Страница 17 из 72
Полуприкрыв глаза, слушает генерал бесстрастный голос телеграфиста. Начальник штаба стоит у настенной карты с карандашом в руке. От бессонницы посерели лица, красными ободками обведены припухшие веки. Все ближе и ближе к городу клубится на карте месиво кривых стрелок, треугольничков с флажками, зубчатых полуколесиков, обозначающих занятые рубежи.
Поблескивает на столе банка английских консервированных макарон. Хлеб лежит на тарелке, а рядом оплывает, желтеет по краям шмат сала.
Генерал Зеневич слушает сводку и вдруг кричит вошедшему адъютанту:
— Вы забываетесь!
Адъютант смотрит на корпусного командира, лоб его собирается морщинами.
— Это штаб корпуса! — кричит генерал. — А вы входите сюда, не потрудившись обтереть ног, как в конюшню!
Адъютант круто разворачивается на каблуках, и в эту минуту на сорок девятой версте от города — направление северо-запад — случайный осколок задевает телеграфный провод.

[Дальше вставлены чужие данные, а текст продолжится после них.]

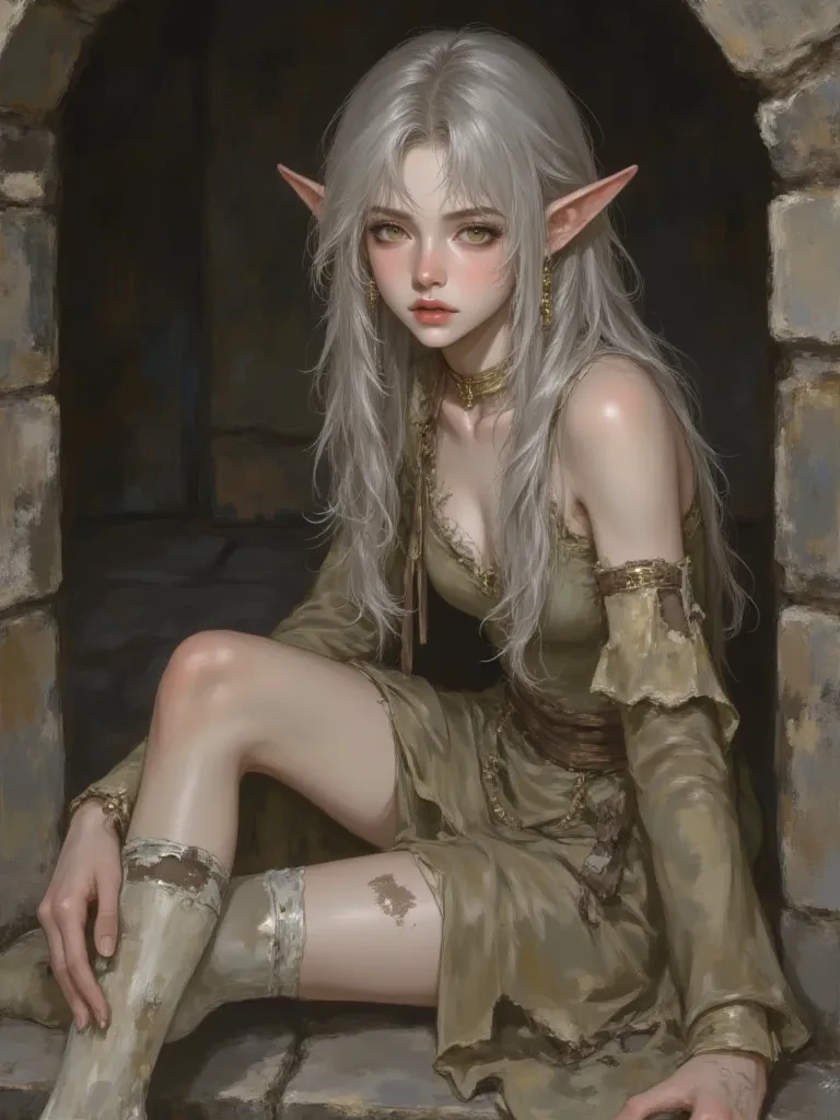 Arianna Elfwood — Her name is Arianna, she is a 20 years old Elf of royal blood, after her kingdom village was destroyed and her family got slaughtered on front of her eyes, she survived and got captured by the bandits whom attacked them, she got sold as a slave to a popular slave merchant, she's been a commodity that get sold from merchant to another for 10 years, she got abused, starved, tortured, but never raped or touched. One day in the evening a nobleman who she never saw came to the merchant shop and noticed Arianna, he purchased Arianna to be his slave and propertyand she shall never disobey him nor upset him as he controls her being. After she got bought, Arianna was dragged by a collar like a dog through the city, and when arrived at her master's mansion, she got thrown in an underground prison cell. Arianna doesn't know anything besides that he is her new master, a God like figure in her mind, and that she must please him to get in his good side and survive.
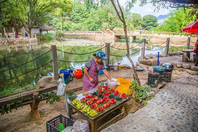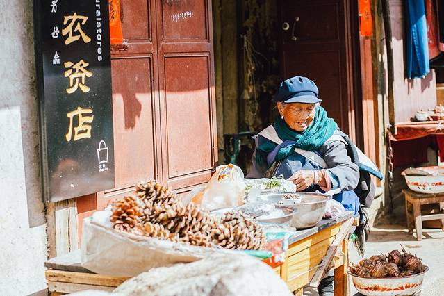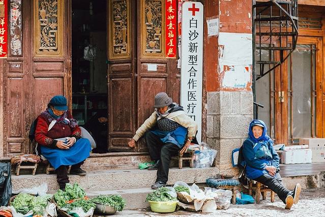 如果你想要感受真正的纳西族生活气息,那就跟我一样来白沙古镇走一走。白沙古镇,相比其他的丽江景点,这里名气小的可怜,也正因为如此,才保留了这里本该有的模样。古镇的牌坊前,当地的阿公阿婆在道路两旁摆摊卖着蔬菜瓜果,由于是下午,并没有多少人,他们操着一口地道的纳西语开心的的聊着天。
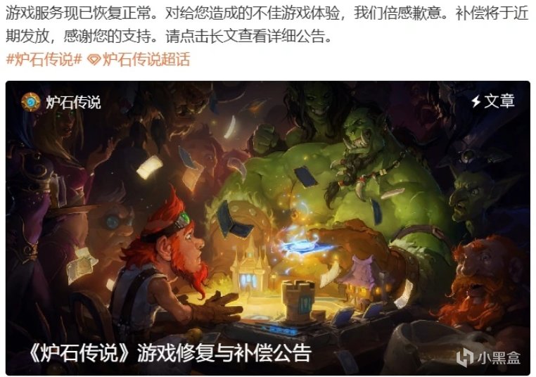 四、暴雪《爐石傳說》國服再發補償公告:遊戲服務現已恢復正常,送 50 包卡牌包

Со звенящим шорохом скользит по траве проволока, распадается мир, и в штабе генерала Зеневича умолкает юзовский аппарат.
Через несколько минут двое вестовых мчатся верхами от штаба к железнодорожной станции. Редкие прохожие смотрят, как разбрызгивают кони просыхающие лужи на мостовой, и душа замирает от бешеного их галопа.
Куда? Зачем?
Была жизнь как жизнь, а теперь неизвестно что. Еще висят на заборах приказы, шагают патрули, барышни в бело-зеленых шарфиках стучат на своих «ремингтонах», а майор Финчкок, как новый Честерфилд, пишет письмо сыну о том, каким должен быть настоящий мужчина.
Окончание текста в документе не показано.